Think of a healthy fast food chain. Which one comes to mind?
Subway is the leader in consumer trust with almost one-quarter (24.2%) of consumers saying they “completely trust” its nutritional claims…42% of Subway customers choose this restaurant because it “has a good selection of healthy items,” compared with only 3% of Taco Bell consumers who select this restaurant for its healthy menu.
“Subway owns the nutritional claim relative to its competition, as there is a significant gap between Subway and these other popular fast food/quick-service restaurants.” read more…
Sorry to rain on this parade folks. Subway has taken pains to portray itself as a healthy fast food, and if you look at the nutrition information on their menus and website, it is quite impressive.
Until you read the fine print.
What you need to know:
At the bottom of the nutrition facts webpage – requires lots of scrolling – you’ll see the following “disclaimers” in small print:
|Subs with 6 grams of fat or less include 9-Grain Wheat bread, lettuce, tomatoes, onions, and green peppers.

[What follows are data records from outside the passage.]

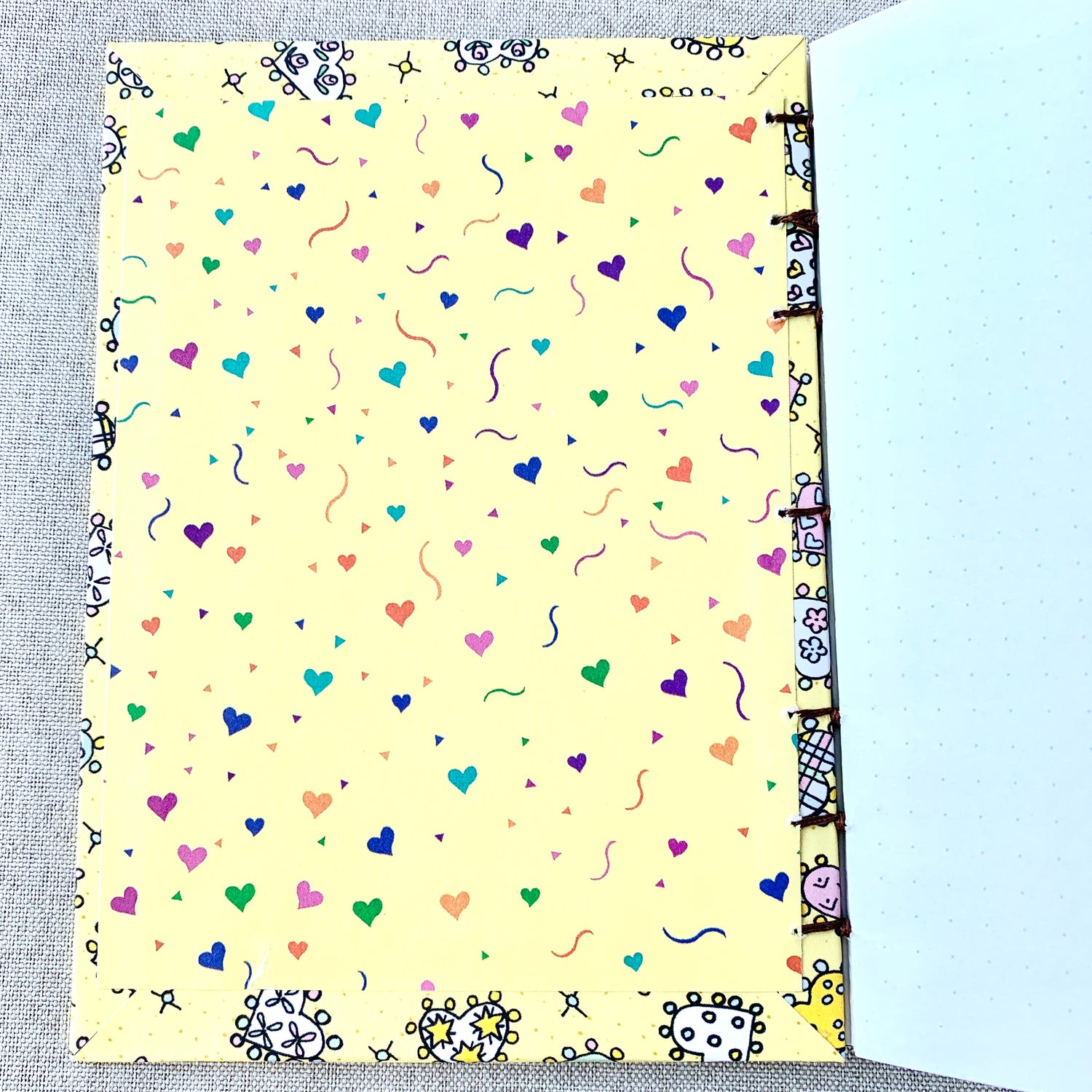 Pastel Stitch Heart - A6 - Dot Grid - Coptic Bound - Fountain Pen Notebook - Handmade Journal
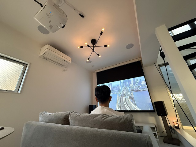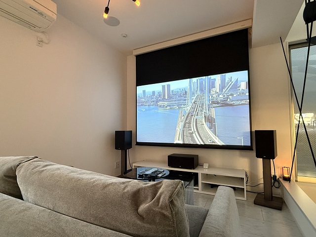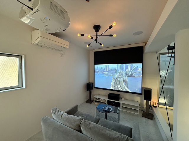 スクリーンを下ろし、照明を落とした瞬間、リビングは本格的なシアタールームへと変貌します。
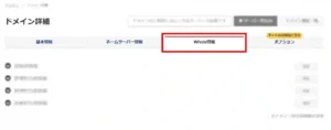 先ほどAuthCodeを確認したドメイン詳細画面(サイドメニューのドメイン > 利用ドメイン一覧 > ドメイン名をクリック)で、タブをWhois情報に切り替えます。
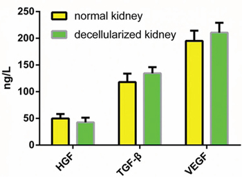 Figure 5: Quantitative assay of cytokines in DC kidney scaffolds. The level of HGF, TGF-b and VEGF in the DC kidney is not different from that of native kidney. Data are shown as the mean ± s.d. Statistical significance (p < 0.05) was determined by Student’s t test.
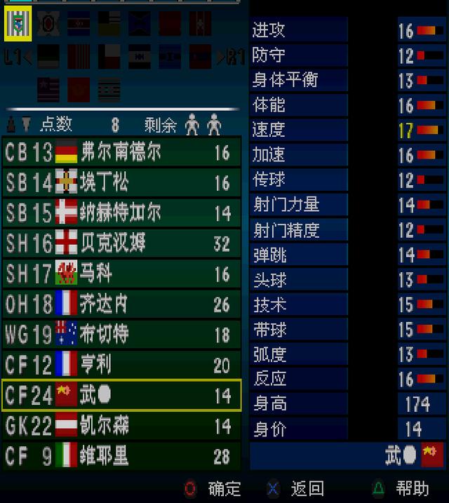 价格14,速度17,加速16,射门力量14,精度12,头球13,弹跳14,传球12,身体平衡13。
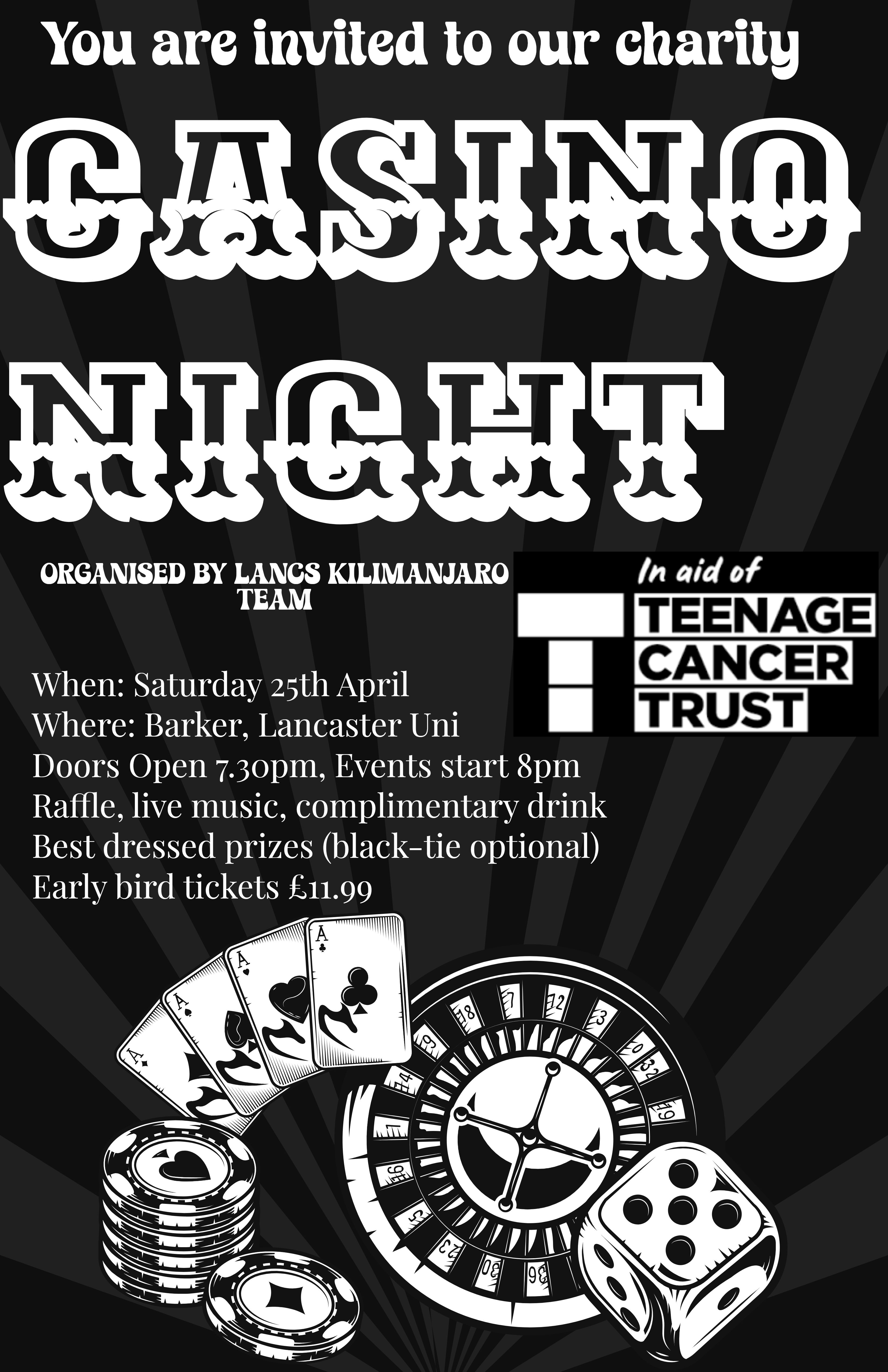 Do you want to help raise money for charity whilst having a great time? Calling all competitive souls and thrill seekers, welcome to the first Lancaster University casino night. A night filled with games, competition and live music. Get your tickets now.
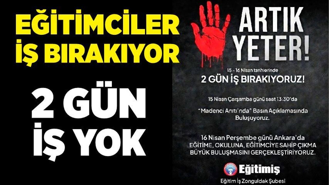 Eğitim ve Bilim İşgörenleri Sendikası (Eğitim-İş) Zonguldak Şubesi, eğitim sistemine yönelik sorunlara dikkat çekmek amacıyla 2 gün iş bırakma kararı aldığını duyurdu.
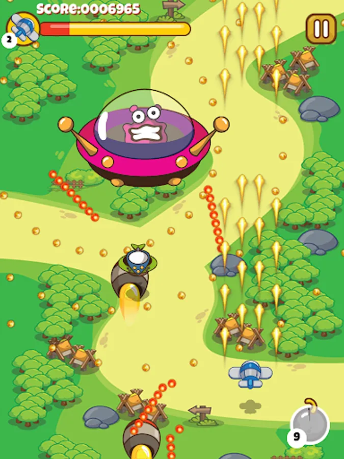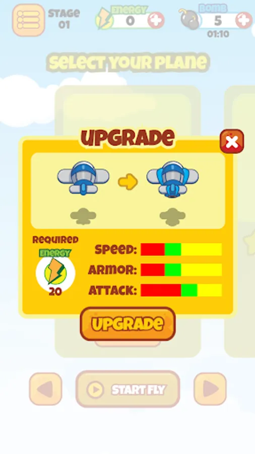 You as a player can control the steampunk plane and fight with waves of enemies flying at you. Avoid their attack! Shoot and drop the bomb to kill the enemy as many as you can. Gather enough energy so that you can upgrade your plane, or unlock more powerful new planes. Drag the plane to move, double-click or press the bomb icon to use the bombs.
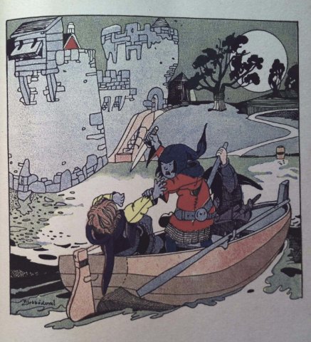 - — THOMEN, Y. et FURIC, R., « Le merveilleux voyage de Matilin à travers les siècles bretons : A la table du Roi Arthur », L’appel d’Ololé, Vol. 5, 1970, p. 16, Voir en ligne. —
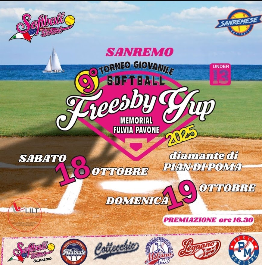 Sarà, questo il Nono Freesby Yup, memorial riservato alle atlete softball under 13, é dedicato al ricordo di Fulvia Pavone, seconda base del Sanremo Softball scomparsa 11 anni or sono e, come negli anni precedenti, la LILT – Lega Italiana per la Lotta contro i Tumori ha un ruolo fondamentale nella sensibilizzazione delle ragazze sulla scelta di un corretto stile di vita che vede proprio nello sport un importante alleato.
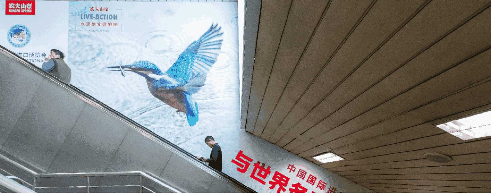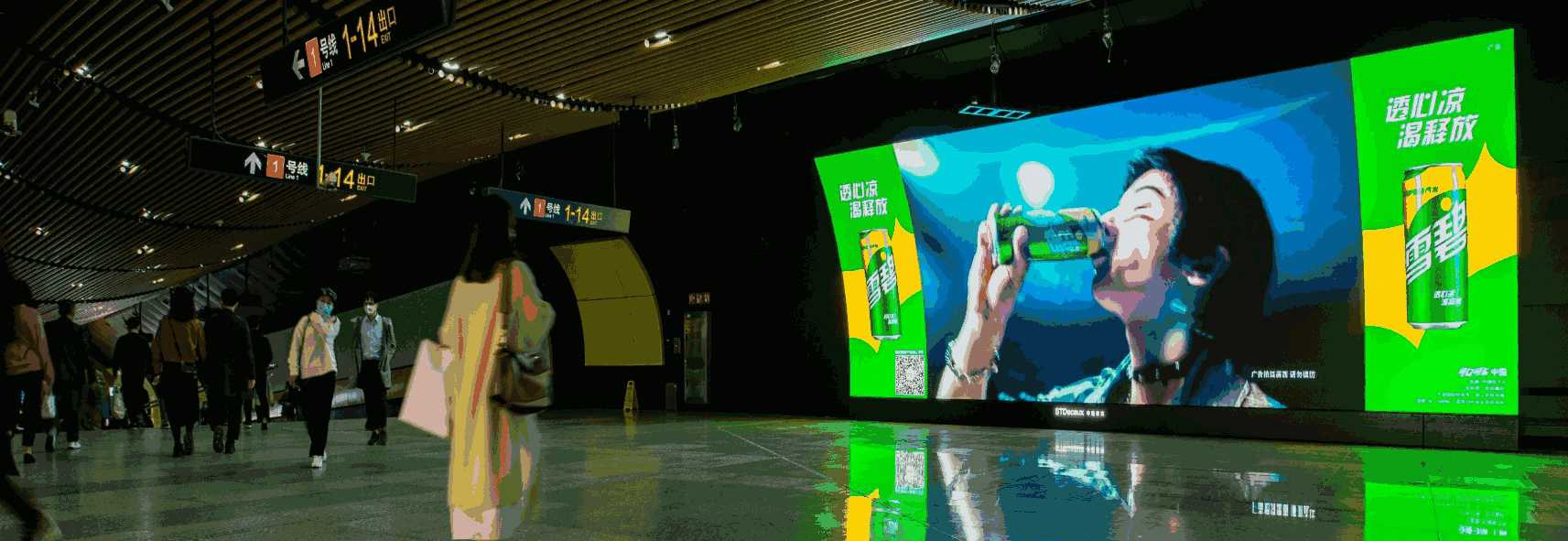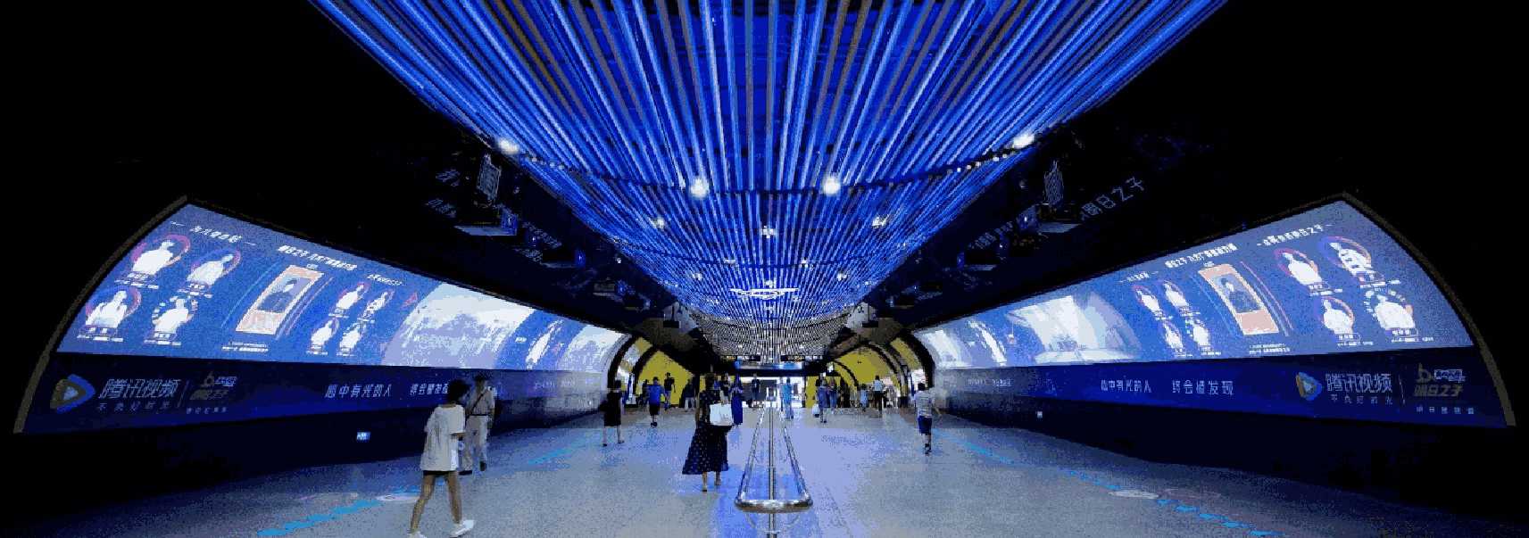 由 電子屏 與 超級動感燈箱,相互交錯組成的電子媒體通道,大面積的靜態(tài)海報與高精度的動態(tài)畫面不斷沖擊乘客視覺;頂部天花板與通道內(nèi)柱體的鏡面環(huán)境設(shè)計從空間上帶來沉浸式的3D體驗;每個區(qū)域的定向音響環(huán)繞聲系統(tǒng) 從聽覺上刺激乘客的感官體驗 ,日均客流達(dá)55萬*人次 支持動畫、TVC、電子海報等,可制作各種大型創(chuàng)意效果
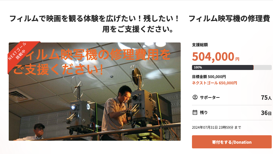 2024-07-16 13:11【目標達成】ネクストゴール650,000円も達成しました!本日、ネクストゴールの目標金額650,000円を達成したしました!ご協力いただきました皆様、本当にありがとうございます! クラウドファンディング期間はまだ15日残っていますので、このまま寄付の受付は継続し、集まった金額に応じてフィルム映写機を使った映写技師のワークショップ&無料上映会を複数回開催したいと考えています。2024-07-16 13:11【目標達成】ネクストゴール650,000円も達成しました!本日、ネクストゴールの目標金額650,000円を達成したしました!ご協力いただきました皆様、本当にありがとうございます! クラウドファンディング期間はまだ15日残っていますので、このまま寄付の受付は継続し、集まった金額に応じてフィルム映写機を使った映写技師のワークショップ&無料上映会を複数回開催したいと考えています。
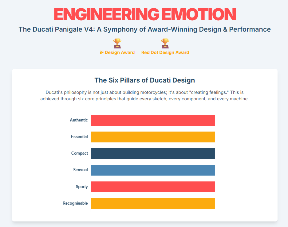 Ducati’s design philosophy is profoundly centered on “creating feelings,” a comprehensive approach that meticulously guides every aspect of their product development.4 This philosophy is manifested through six core pillars that define the essence of a Ducati motorcycle:
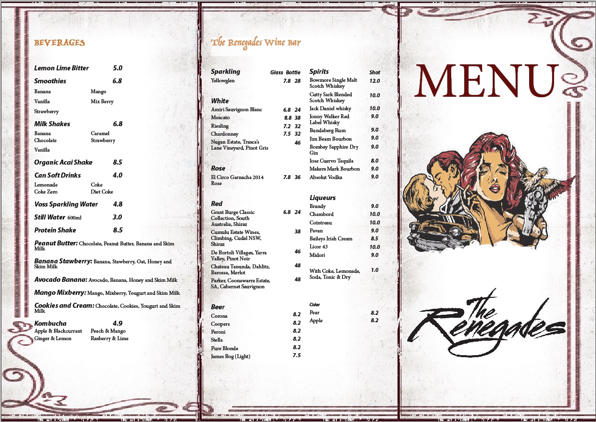 The Renegades Mascot Menu
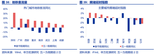 特征三:传统景点旅游热度回升的同时,县域旅游也迎来较快增长。五一假期,传统景点旅行热度回升,四川省A级景区(前3日)接待旅客、旅游收入同比20%、19.1%,涨幅较春节假期上行9.8、18.5pct;深圳、南京、上海等传统热门旅游城市地铁客流量(前2日)同比分别32.1%、13.7%、8%,较春节假期分别上行33.9、24.8、17.4pct。与此同时,县域、乡村旅游热度攀升,假期首日携程平台县域旅游订单同比增长近两成,乡村游订单增长超40%,以贵州荔波、辽宁本溪、广东清远、浙江安吉、河南洛阳、重庆武隆、湖北宜昌为代表的目的地景区平均核销增幅同比50%。
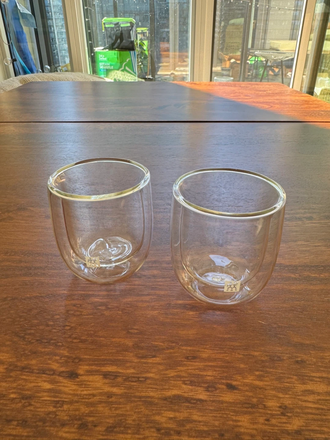 Selling a set of two Zwilling J.A. Henckels double walled espresso glasses. They're in excellent condition and ready for a new home!
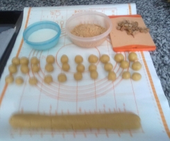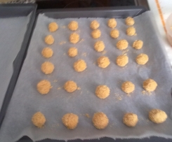 Kugeln in der Milch wenden, in den zerkleinerten Erdnüssen wälzen, mit Abstand auf die vorbereiteten Bleche geben und bei 160° - 180° (je nach Ofen) 18 Minuten backen.
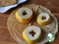Берём готовые блины, раскладываем на них кружки груш и вырезаем круги диаметром немного больше диаметра груш.
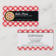 En traditionell röd kontrollerad bordduk är bakgrunden till detta Pizza/italienska restaurang-affärskort. En svart panel markeras med en grafisk bild av en pizza med företaget namn och huvudinformation om dess höger. Resten av affärskontaktinformationen skrivs ut på motsatt sida mot vitt med bordsduken överst och grund gräns. Finns med matchande produkter.
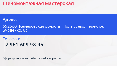 Шиномонтажная мастерская по адресу 652560, Кемеровская область, Полысаево, переулок Бурденко, 8а в дальнейшем Организация, размещена в следующих категориях:
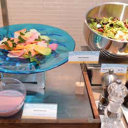 メニュー数は約50種類。ディナーからは、ポテトムースのエアリーななめらかさとコクが特長の「ポテトのムースピーマンソース」はウッディが、グリーンピースの味わいが濃く感じられる「ポテトとグリーンピースのタルト」はバズ・ライトイヤーがそれぞれモチーフとなっていたりと、ディズニーホテルらしいキャラクターをモチーフにしたメニューに注目。
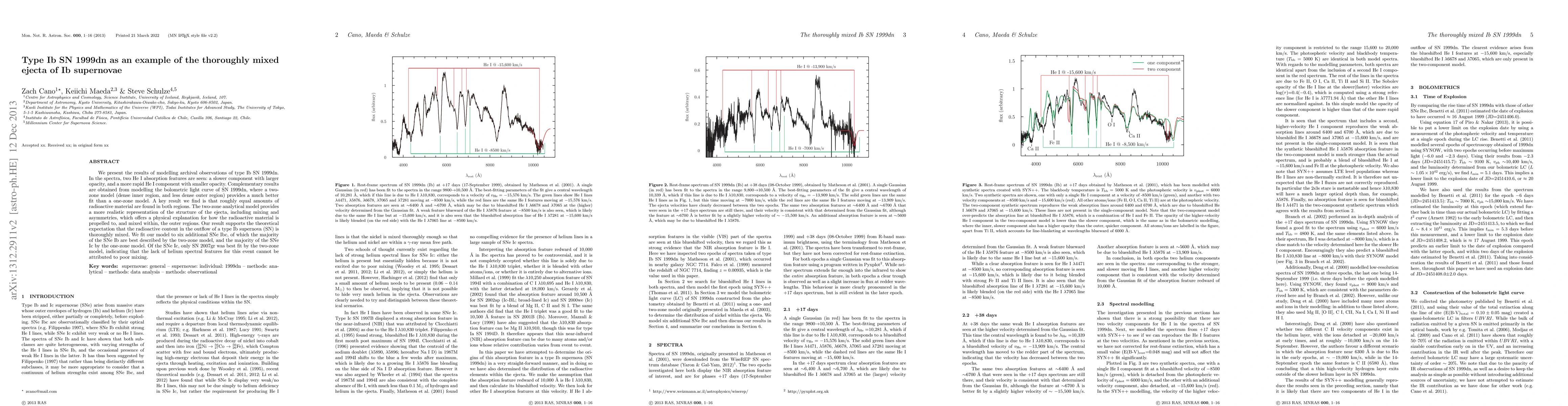 We present the results of modelling archival observations of type Ib SN 1999dn. In the spectra, two He I absorption features are seen: a slower component with larger opacity, and a more rapid He I component with smaller opacity. Complementary results are obtained from modelling the bolometric light curve of SN 1999dn, where a two-zone model (dense inner region, and less dense outer region) provides a much better fit than a one-zone model. A key result we find is that roughly equal amounts of radioactive material are found in both regions. The two-zone analytical model provides a more realistic representation of the structure of the ejecta, including mixing and asymmetries, which offers a physical explanation for how the radioactive material is propelled to, and mixed within, the outer regions. Our result supports the theoretical expectation that the radioactive content in the outflow of a type Ib supernova (SN) is thoroughly mixed. We fit our model to six additional SNe Ibc, of which the majority of the SNe Ib are best described by the two-zone model, and the majority of the SNe Ic by the one-zone model. Of the SNe Ic, only SN 2007gr was best fit by the two-zone model, indicating that the lack of helium spectral features for this event cannot be attributed to poor mixing.
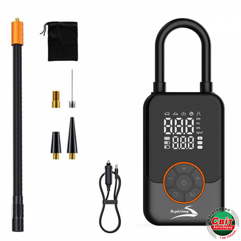 Aspiring Storm 5 оснащений точним цифровим манометром з LED-екраном, який дозволяє легко контролювати тиск у шинах. Функція автоматичного відключення при досягненні заданого тиску забезпечує безпечну експлуатацію та запобігає перенадуванню. Діапазон робочих температур (-20°C до +60°C) гарантує стабільну роботу в будь-яких погодних умовах.
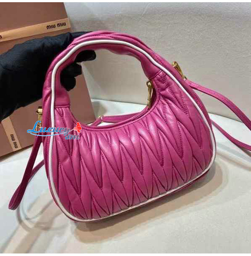 [스페셜오더]MIUMIU-5BC125 미우미우 베고니아 핑크 완더 마테라쎄 나파 가죽 호보 스몰 숄더백

All other sandwich values include cheese unless otherwise noted.Salads contain meat/poultry, standard vegetables and do not include salad-dressing or croutons.Addition of other condiments and fixings will alter nutrition values.|
Any restaurant that presents their nutrition data this way will look better than those that don’t. But who has a sub without a schmear of mayo or other condiment? Or a salad without any dressing? You actually need a bit of oil, not just to make the salad go down easier, but to increase absorption of some of the vitamins and minerals in the veggies.
There are eight “6 grams of fat or less” sandwich options, and you can’t have a slice of cheese with them, nor condiment. Yes, they are under 300 calories (for a six inch sub), but who eats such an unflavored option.
And even if you swallowed down the sub without adding cheese or a spread, the sodium levels are atrocious! four of the eight choices mentioned above provide over 1000 milligrams of sodium. That’s almost half a day’s worth for healthy adults.
In California, the nutrition info provided by restaurants must be for all menu items AS SERVED, not a stripped down version of just the healthiest options. So how does Subway get away with it? Who knows…
At best, Subway is the least un-healthy option out there.
But let’s not let their marketing hype confuse us to into thinking that a Subway sandwich is a healthy meal choice.